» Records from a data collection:
BEGIN
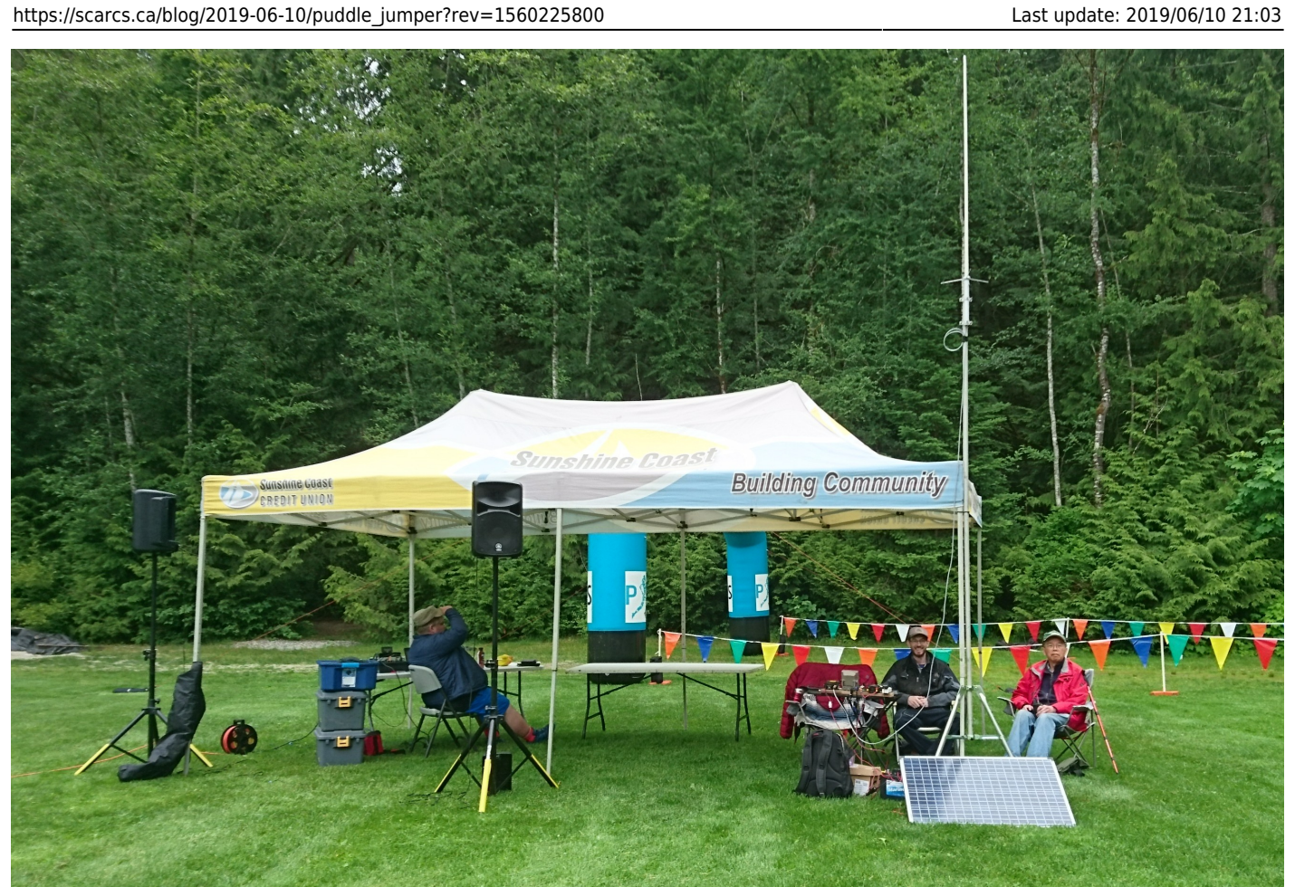
Good thing we brought comfortable chairs and a small table...
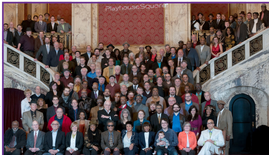
Tri-C JazzFest / A Great Day in Cleveland
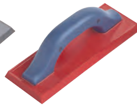
ITEM NO. 151-54P
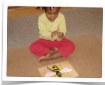
Working for myself...
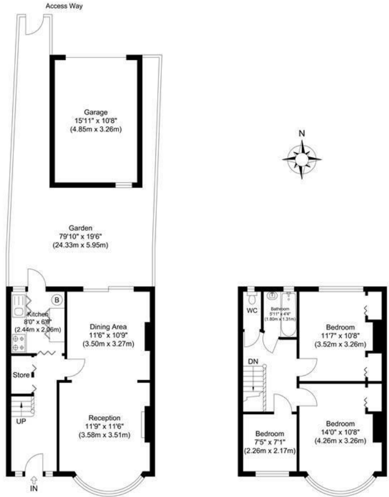
Ground Floor Approximate Floor Area 435.61 sq. ft. (40.47 sq. m)
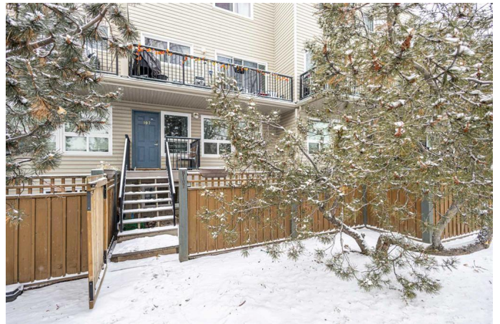
107-3615 49 St NW, Calgary, AB

Main Building: Total Exterior Area Above Grade 404.85 sq ft
END
» INSTRUCTIONS FOR THE TASK:
Among the records, count every line where "Area" appears. Reply with the total alone.

» TASK OUTPUT:
2